O interesse de Eliade em Teilhard

Mencionamos anteriormente o encontro entre Teilhard e Mircea Eliade. Os dois se conheceram depois da guerra em Paris, onde Eliade chegara em setembro de 1945 para começar a lecionar na Sorbonne; o romeno rapidamente adquiriu grande notoriedade com o Tratado de História das Religiões (1948) e com O mito do eterno retorno (1949).

Eu o vi duas ou três vezes - conta Eliade di Teilhard - em seu quarto na Rue Monsieur, na casa dos jesuítas. Tivemos algumas longas discussões; fiquei fascinado com ela teoria da evolução e o ponto Ômega, até me parecia que estava em contradição com a teologia católica. Porém ele era um homem que me fascinava, me interessava muito. E fiquei feliz em ler seus livros mais tarde. Só então compreendi até que ponto seu pensamento era cristão, e quão original e corajoso era. (9)

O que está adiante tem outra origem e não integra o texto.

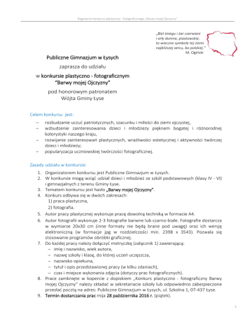 Regulamin konkursu plastyczno - fotograficznego „Barwy mojej Ojczyzny” „Biel śniegu i żar czerwieni i orły dumne, piastowskie, to wieczne symbole tej ziemi najbliższej sercu, bo polskiej.” M. Ogiński Publiczne Gimnazjum w Łysych zaprasza do udziału w konkursie plastyczno - fotograficznym “Barwy mojej Ojczyzny” pod honorowym patronatem Wójta Gminy Łyse Celem konkursu jest: rozbudzanie uczuć patriotycznych, szacunku i miłości do ziemi ojczystej, wzbudzenie zainteresowania dzieci i młodzieży pięknem bogatej i różnorodnej kolorystyki naszego kraju, rozwijanie zainteresowań plastycznych, wrażliwości estetycznej i aktywności twórczej dzieci i młodzieży; popularyzacja uczniowskiej twórczości fotograficznej. Zasady udziału w konkursie: 1. Organizatorem konkursu jest Publiczne Gimnazjum w Łysych. 2. W konkursie mogą wziąć udział dzieci i młodzież ze szkół podstawowych (klasy IV - VI) i gimnazjalnych z terenu Gminy Łyse. 3. Tematem konkursu jest hasło „Barwy mojej Ojczyzny”. 4. Konkurs odbywa się w dwóch zakresach: 1) praca plastyczna, 2) fotografia. 5. Autor pracy plastycznej wykonuje pracę dowolną techniką w formacie A4. 6. Autor fotografii wykonuje 2-3 fotografie barwne lub czarno-białe. Fotografie dostarcza w wymiarze 20x30 cm (inne formaty nie będą brane pod uwagę) oraz ich wersję elektroniczną (w formacje jpg w rozdzielczości min. 2398 x 3543). Pozwala się stosowanie programów obróbki graficznej. 7. Do każdej pracy należy dołączyć metryczkę (załącznik 1) zawierającą: imię i nazwisko, wiek autora, nazwę szkoły i klasę, do której uczeń uczęszcza, nazwisko opiekuna, tytuł i opis przedstawionej pracy (w kilku zdaniach), czas i miejsce wykonania zdjęcia (dotyczy prac fotograficznych). 8. Prace zamknięte w kopercie z dopiskiem „Konkurs plastyczno - fotograficzny Barwy mojej Ojczyzny” należy składać w sekretariacie szkoły lub odpowiednio zabezpieczone przesłać pocztą na adres: Publiczne Gimnazjum w Łysych, ul. Szkolna 1, 07-437 Łyse. 9. Termin dostarczania prac mija 28 października 2016 r. (piątek). 1 Regulamin konkursu plastyczno - fotograficznego „Barwy mojej Ojczyzny” 10. Każda zgłoszona praca musi być wykonana osobiście przez autora, bez pomocy osób trzecich, a także niepublikowana wcześniej np. w internecie. 11. Autor zgłaszając pracę na konkurs wypełnia oświadczenie (załącznik 2), które podpisują także rodzice. W przypadku fotografii z utrwalonym wizerunkiem innych osób, autor powinien mieć ich zgodę na prezentację wizerunku, co deklaruje w oświadczeniu. 12. Organizator zastrzega możliwość zaprezentowania nagrodzonych prac na wystawie w czasie uroczystego Wieczoru Patriotycznego „Barwy mojej Ojczyzny” organizowanego przez Publiczne Gimnazjum w Łysych. Zgłoszenie pracy do konkursu jest równoznaczne ze zgodą na udział w wystawie, a także na nieodpłatną reprodukcję pracy w materiałach edukacyjnych i promocyjnych szkoły (z podaniem autora). 13. Oceny prac dokona jury, powołane przez organizatora. Laureaci konkursu zostaną wyłonieni w dwóch kategoriach wiekowych (uczniowie szkoły podstawowej oraz uczniowie gimnazjum) w dwóch określonych zakresach: praca plastyczna i fotografia. W przypadku niskiej liczby zgłoszonych prac (poniżej 10) organizator zastrzega sobie możliwość wyłonienia laureata spośród wszystkich prac łącznie, bez podziału na kategorię wiekową. 14. Najlepsze prace zostaną nagrodzone /nagrody książkowe i dyplomy regulaminowe/. 15. Kryteria brane pod uwagę przy ocenie prac: poziom techniczny wykonania i estetyka, zrealizowanie hasła konkursowego „Barwy mojej Ojczyzny”, oryginalność ujęcia tematu i kreatywność. 16. Ogłoszenie wyników i wręczenie laureatom nagród i dyplomów odbędzie się podczas uroczystego Wieczoru Patriotycznego „Barwy mojej Ojczyzny” organizowanego przez Publiczne Gimnazjum w Łysych. 17. Możliwy jest zwrot prac biorących udział w konkursie. Prace będzie można odebrać po 14 listopada br. w sekretariacie szkoły. 18. Wszelkich informacji związanych z konkursem udziela pani Katarzyna Rynkiewicz, tel. 608 039 535. 19. Informacje o wynikach konkursu zostaną zamieszczone na stronie www.pglyse.pl oraz na stronie www.gminalyse.pl. Załączniki: 1. metryczka imię i nazwisko, wiek autora ……………………………………………………………………… nazwa szkoły i klasa …………………………………………………………………………………… nazwisko opiekuna ……………………………………………………………………………………. tytuł i opis przedstawionej pracy (w kilku zdaniach): czas i miejsce wykonania zdjęcia (dotyczy prac fotograficznych): 2 Regulamin konkursu plastyczno - fotograficznego „Barwy mojej Ojczyzny” 2. oświadczenie Oświadczam, że jestem autorem/autorką pracy zgłoszonej na Gminny Konkurs Plastyczno - Fotograficzny „Barwy mojej Ojczyzny”. Zgłaszając fotografię oświadczam, iż posiadam zgodę uwiecznionych osób na wykorzystanie ich wizerunku. Wyrażam zgodę na prezentację pracy w wystawie konkursowej i nieodpłatną reprodukcję pracy w materiałach edukacyjnych i promocyjnych szkoły. podpis ucznia: .............................................................................................. podpis rodzica ucznia: ................................................................................. 3
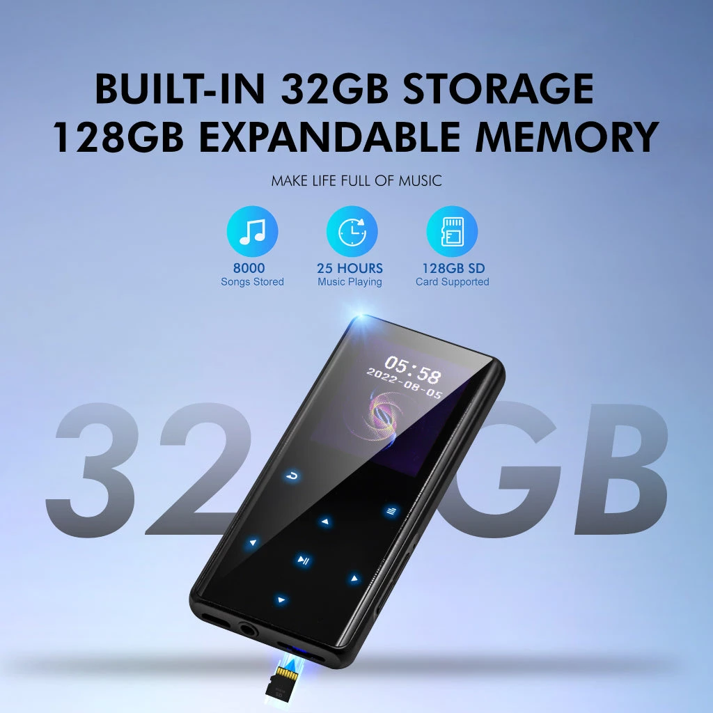 SWOFY T-MP30 Mp3 player comes with 32GB internal memory, you can save your favorite movies, music, and learning materials into the machine. Also, it allows expand memory up to 128G external TF card.
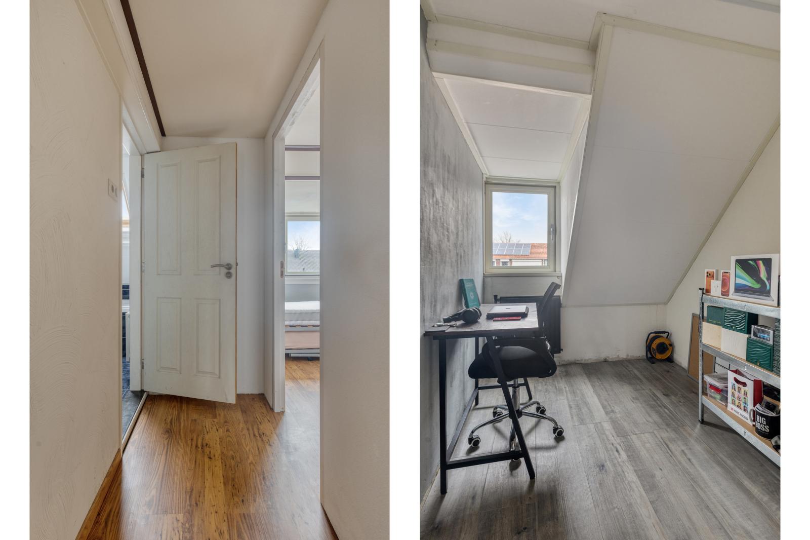 Via de vaste trap bereik je de eerste verdieping. Hier kom je uit op een flinke overloop met ruimte voor een bureau. Er zijn twee slaapkamers. Beide kamers beschikken over een dakkapel en zijn prettig van formaat en goed in te delen.
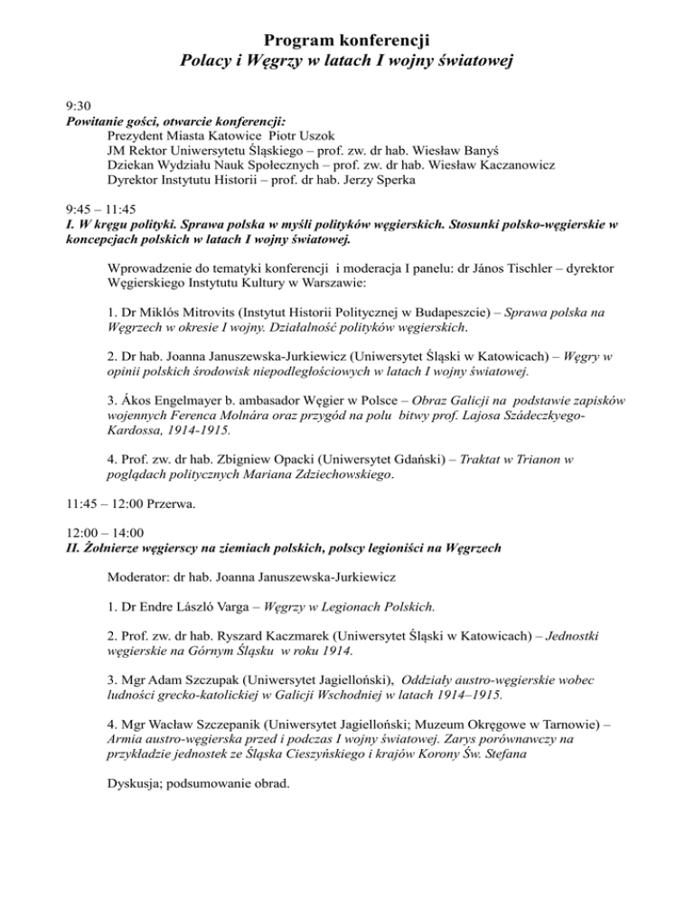 Program konferencji Polacy i Węgrzy w latach I wojny światowej 9:30 Powitanie gości, otwarcie konferencji: Prezydent Miasta Katowice Piotr Uszok JM Rektor Uniwersytetu Śląskiego – prof. zw. dr hab. Wiesław Banyś Dziekan Wydziału Nauk Społecznych – prof. zw. dr hab. Wiesław Kaczanowicz Dyrektor Instytutu Historii – prof. dr hab. Jerzy Sperka 9:45 – 11:45 I. W kręgu polityki. Sprawa polska w myśli polityków węgierskich. Stosunki polsko-węgierskie w koncepcjach polskich w latach I wojny światowej. Wprowadzenie do tematyki konferencji i moderacja I panelu: dr János Tischler – dyrektor Węgierskiego Instytutu Kultury w Warszawie: 1. Dr Miklós Mitrovits (Instytut Historii Politycznej w Budapeszcie) – Sprawa polska na Węgrzech w okresie I wojny. Działalność polityków węgierskich. 2. Dr hab. Joanna Januszewska-Jurkiewicz (Uniwersytet Śląski w Katowicach) – Węgry w opinii polskich środowisk niepodległościowych w latach I wojny światowej. 3. Ákos Engelmayer b. ambasador Węgier w Polsce – Obraz Galicji na podstawie zapisków wojennych Ferenca Molnára oraz przygód na polu bitwy prof. Lajosa SzádeczkyegoKardossa, 1914-1915. 4. Prof. zw. dr hab. Zbigniew Opacki (Uniwersytet Gdański) – Traktat w Trianon w poglądach politycznych Mariana Zdziechowskiego. 11:45 – 12:00 Przerwa. 12:00 – 14:00 II. Żołnierze węgierscy na ziemiach polskich, polscy legioniści na Węgrzech Moderator: dr hab. Joanna Januszewska-Jurkiewicz 1. Dr Endre László Varga – Węgrzy w Legionach Polskich. 2. Prof. zw. dr hab. Ryszard Kaczmarek (Uniwersytet Śląski w Katowicach) – Jednostki węgierskie na Górnym Śląsku w roku 1914. 3. Mgr Adam Szczupak (Uniwersytet Jagielloński), Oddziały austro-węgierskie wobec ludności grecko-katolickiej w Galicji Wschodniej w latach 1914–1915. 4. Mgr Wacław Szczepanik (Uniwersytet Jagielloński; Muzeum Okręgowe w Tarnowie) – Armia austro-węgierska przed i podczas I wojny światowej. Zarys porównawczy na przykładzie jednostek ze Śląska Cieszyńskiego i krajów Korony Św. Stefana Dyskusja; podsumowanie obrad.
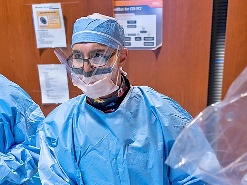 Traditionally, interventional cardiologists perform cardiac catheterization using a puncture in the leg, but studies have shown going through the wrist—using the transradial approach—produces the same results with a shorter hospital stay and less bleeding or discomfort for the patient.
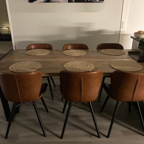 Myydään pöytä ja 8 tuolia lähes uutena, myös jatkoa pöydälle. 1300€
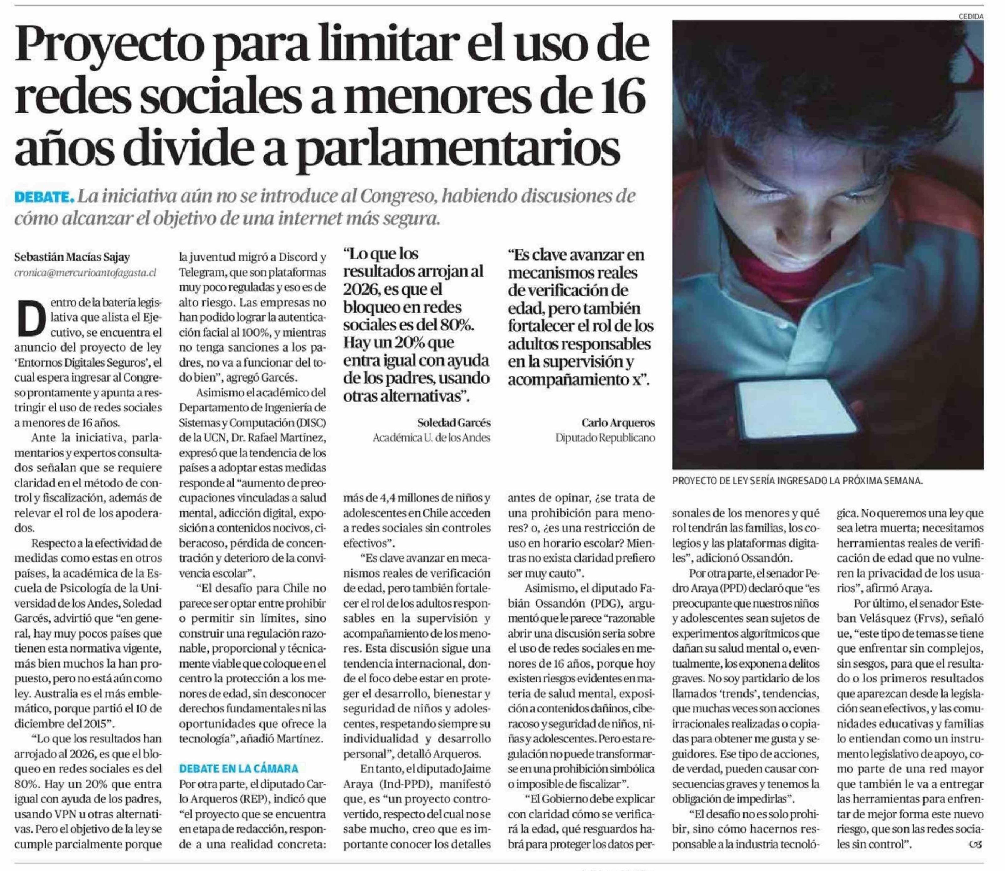 Proyecto para limitar el uso de redes sociales a menores de 16 años divide a parlamentarios 29-04-2026 El Mercurio de Calama |
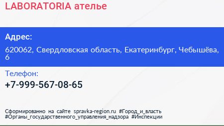 LABORATORIA, ателье по адресу 620062, Свердловская область, Екатеринбург, Чебышёва, 6 в дальнейшем Организация, размещена в следующих категориях:
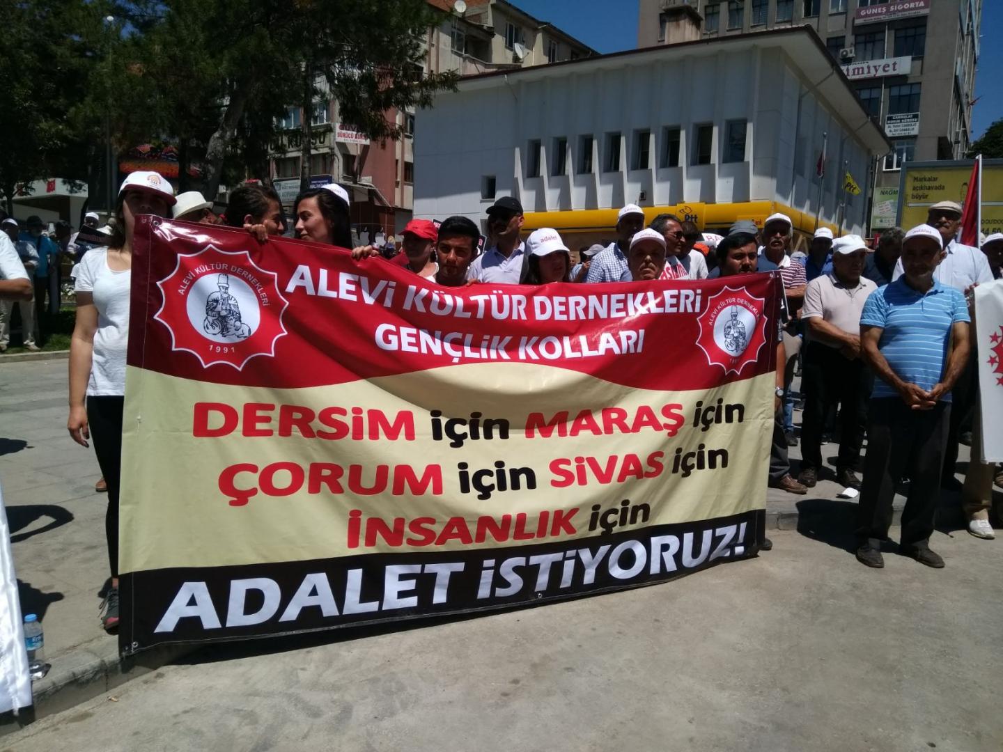 PİRHA – Sivas katliamını protesto etmek ve katliamda yaşamını yitirenleri anmak için dün Sivas’ta adalet arayışında bulunan Alevi toplumu bugün de Çorum Katliamı’nda yaşamını yitirenleri anmak için Çorum’da bir araya geldi. Hacı Bektaş Veli Anadolu Kültür Vakfı Çorum Şubesi önünde toplanan kitle, Salı Pazarı’na doğru yürüdükten sonra Saat Kulesi’ne vardı. Burada anmada yapılan konuşmalarda Adalet Yürüyüşü’nün önemine dikkat çekildi.

em O diário de Eliade, em 23 de janeiro de 1950, encontramos:

Almocei na sede da revista 'Etudes', na rue Monsieur 15, para conhecer o padre Teilhard de Chardin. Depois, em seu quarto, duas horas de conversa. Havia também os padres Fessard, Daniélou e Bernardt... Eu lhe disse, sorrindo, que sua visão cristocósmica é mais ousada que as mais fantásticas criações mahayânicas (milhões de universos, milhões de reencarnações, milhões de bodhisattvas, etc.), e ele ele concordou. É verdade - disse - a 'Ciência' cristã e o Logos superam em profundidade e ousadia tudo o que foi pensado e imaginado até agora. Antes de partir, ele me ofereceu vários textos datilografados, alguns em várias cópias, para que eu pudesse distribuí-los aos amigos. Textos - especificou - que ainda não podem ser publicados.

O interesse de Eliade por Teilhard tem uma razão específica, que emerge de seus escritos. Em seu diário, datado de 6 de março de 1965, lemos: «O considerável sucesso de Teilhard de Chardin deve-se notoriamente ao seguinte fato: ele 'santificou' o mundo, a vida, a matéria". Durante uma palestra proferida na Universidade de Chicago em outubro de 1965, Eliade se debruça longamente sobre Teilhard, em particular sobre o significado cultural do sucesso dos escritos do padre jesuíta, publicados postumamente. Os leitores de Teilhard, explica Eliade, referindo-se principalmente aos não crentes,

eles estão cansados ​​do existencialismo e do marxismo, cansados ​​da conversa constante de história, de compromisso e assim por diante. Eles estão interessados ​​na Natureza e na Vida... Mas não se pode falar simplesmente do 'vitalismo' de Teilhard. Teilhard é de fato um homem religioso, para ele a vida é sagrada; mais: para ele a matéria cósmica como tal pode ser santificada. Ele não apenas construiu uma ponte entre a ciência e o cristianismo, ele não apenas propôs uma visão otimista da evolução cósmica e humana do universo, mas também revelou a suprema sacralidade da Natureza e da Vida. (10)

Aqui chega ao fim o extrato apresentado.